- _SOURCE MATERIAL_:
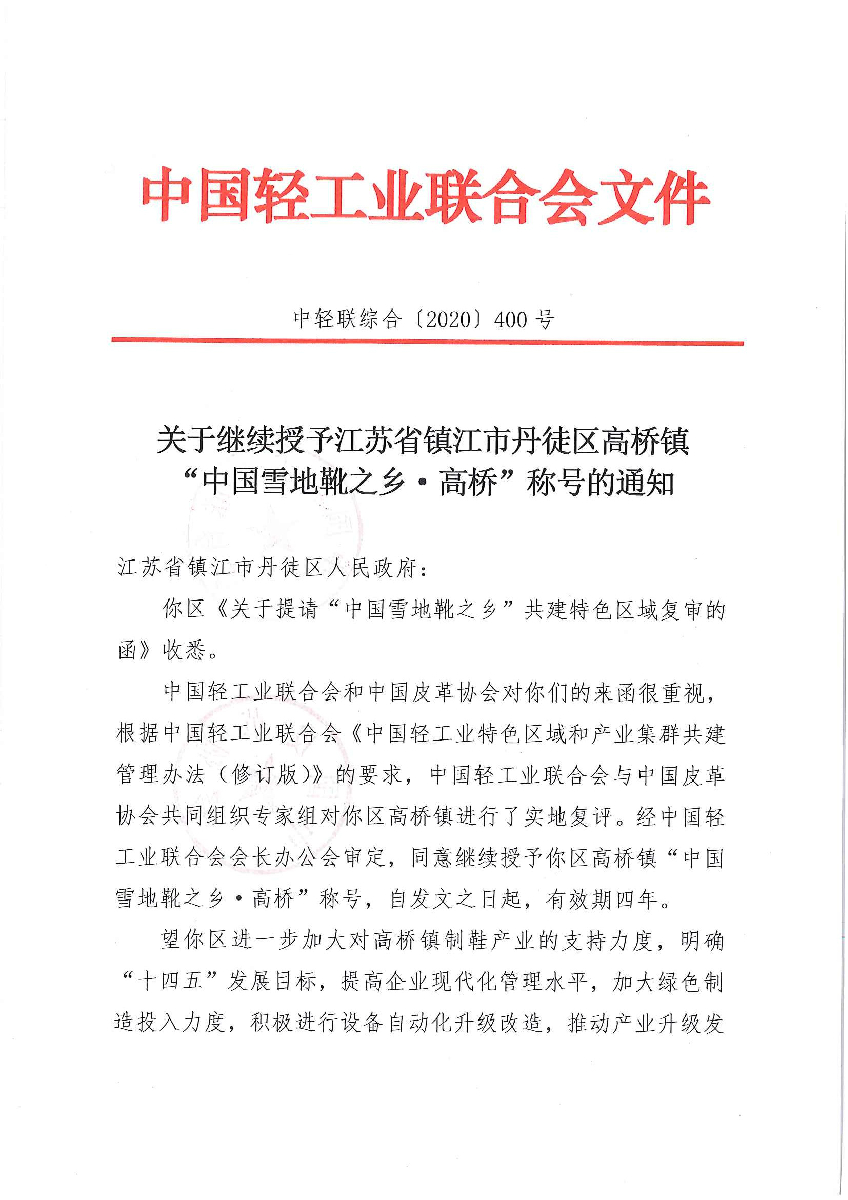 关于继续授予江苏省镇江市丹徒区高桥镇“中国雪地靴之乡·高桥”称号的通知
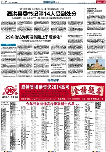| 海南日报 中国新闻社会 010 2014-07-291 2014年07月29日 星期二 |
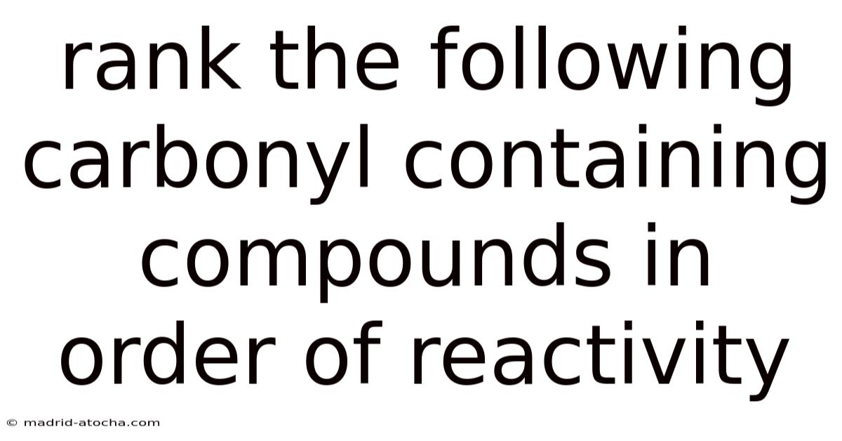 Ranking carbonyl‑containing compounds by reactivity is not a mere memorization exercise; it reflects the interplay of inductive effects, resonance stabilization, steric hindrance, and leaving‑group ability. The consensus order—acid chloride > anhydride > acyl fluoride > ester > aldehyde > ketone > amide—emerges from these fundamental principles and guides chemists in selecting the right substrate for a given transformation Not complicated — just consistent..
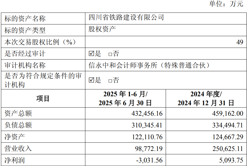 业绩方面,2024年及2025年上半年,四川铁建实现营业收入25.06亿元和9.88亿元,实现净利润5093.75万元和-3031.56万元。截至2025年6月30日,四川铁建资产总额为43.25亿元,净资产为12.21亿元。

--

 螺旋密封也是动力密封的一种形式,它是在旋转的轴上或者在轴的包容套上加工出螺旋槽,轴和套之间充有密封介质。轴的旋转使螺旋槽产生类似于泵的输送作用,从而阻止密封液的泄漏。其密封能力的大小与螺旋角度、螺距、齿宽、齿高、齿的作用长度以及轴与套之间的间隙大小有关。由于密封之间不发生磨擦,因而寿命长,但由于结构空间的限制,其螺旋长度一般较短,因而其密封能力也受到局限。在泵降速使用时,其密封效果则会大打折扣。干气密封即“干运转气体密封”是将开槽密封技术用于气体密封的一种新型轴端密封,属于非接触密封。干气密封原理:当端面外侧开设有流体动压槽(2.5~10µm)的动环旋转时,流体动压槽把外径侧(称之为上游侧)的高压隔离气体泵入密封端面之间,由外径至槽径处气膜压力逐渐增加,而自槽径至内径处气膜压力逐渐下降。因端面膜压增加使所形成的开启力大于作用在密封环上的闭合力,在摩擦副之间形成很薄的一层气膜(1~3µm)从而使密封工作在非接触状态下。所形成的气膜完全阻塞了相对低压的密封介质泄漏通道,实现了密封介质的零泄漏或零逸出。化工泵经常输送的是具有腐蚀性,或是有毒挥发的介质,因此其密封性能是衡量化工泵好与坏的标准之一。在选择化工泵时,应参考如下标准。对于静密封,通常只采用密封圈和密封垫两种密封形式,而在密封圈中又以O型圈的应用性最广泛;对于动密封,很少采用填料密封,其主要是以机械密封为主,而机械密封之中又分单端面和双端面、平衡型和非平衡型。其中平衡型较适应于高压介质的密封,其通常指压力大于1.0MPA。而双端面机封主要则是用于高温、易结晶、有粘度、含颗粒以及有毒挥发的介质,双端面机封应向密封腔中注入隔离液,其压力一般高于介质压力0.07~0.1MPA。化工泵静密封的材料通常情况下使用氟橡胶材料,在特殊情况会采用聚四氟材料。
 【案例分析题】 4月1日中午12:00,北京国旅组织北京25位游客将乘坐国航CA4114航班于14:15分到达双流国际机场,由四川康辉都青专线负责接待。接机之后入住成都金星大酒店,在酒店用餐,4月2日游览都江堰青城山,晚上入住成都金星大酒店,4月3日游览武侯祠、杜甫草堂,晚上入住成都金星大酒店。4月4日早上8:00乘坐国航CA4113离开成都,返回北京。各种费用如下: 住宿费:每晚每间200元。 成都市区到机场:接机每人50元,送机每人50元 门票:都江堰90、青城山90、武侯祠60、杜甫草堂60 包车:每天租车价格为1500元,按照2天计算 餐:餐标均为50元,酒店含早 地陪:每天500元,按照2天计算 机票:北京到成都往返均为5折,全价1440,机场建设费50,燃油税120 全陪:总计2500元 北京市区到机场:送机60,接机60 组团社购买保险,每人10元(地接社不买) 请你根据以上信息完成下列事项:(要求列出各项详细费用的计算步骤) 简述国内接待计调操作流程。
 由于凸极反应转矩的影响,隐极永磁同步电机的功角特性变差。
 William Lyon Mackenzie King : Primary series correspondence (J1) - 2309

==

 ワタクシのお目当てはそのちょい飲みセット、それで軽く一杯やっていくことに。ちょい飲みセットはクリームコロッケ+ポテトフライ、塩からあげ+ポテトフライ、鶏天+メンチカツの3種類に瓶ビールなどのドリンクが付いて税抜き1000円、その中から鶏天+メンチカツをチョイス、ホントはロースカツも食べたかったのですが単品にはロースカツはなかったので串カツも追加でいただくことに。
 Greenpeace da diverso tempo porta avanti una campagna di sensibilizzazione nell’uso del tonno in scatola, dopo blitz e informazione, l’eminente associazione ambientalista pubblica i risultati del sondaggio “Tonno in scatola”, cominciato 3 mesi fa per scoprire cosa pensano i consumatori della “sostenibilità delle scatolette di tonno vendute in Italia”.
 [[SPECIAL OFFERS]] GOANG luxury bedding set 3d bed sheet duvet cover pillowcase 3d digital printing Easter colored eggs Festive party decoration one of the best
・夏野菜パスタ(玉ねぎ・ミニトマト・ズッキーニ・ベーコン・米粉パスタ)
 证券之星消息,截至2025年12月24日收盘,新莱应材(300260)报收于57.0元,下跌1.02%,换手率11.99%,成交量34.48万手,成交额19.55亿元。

- _AIM OF THE TASK_: Could you set down, word for word, only the lines above from the line with "[[SPECIAL OFFERS]] GOANG" to the line with "证券之星消息,截至2025年", including both?

- _TASK RESPONSE_:
 [[SPECIAL OFFERS]] GOANG luxury bedding set 3d bed sheet duvet cover pillowcase 3d digital printing Easter colored eggs Festive party decoration one of the best
・夏野菜パスタ(玉ねぎ・ミニトマト・ズッキーニ・ベーコン・米粉パスタ)
 证券之星消息,截至2025年12月24日收盘,新莱应材(300260)报收于57.0元,下跌1.02%,换手率11.99%,成交量34.48万手,成交额19.55亿元。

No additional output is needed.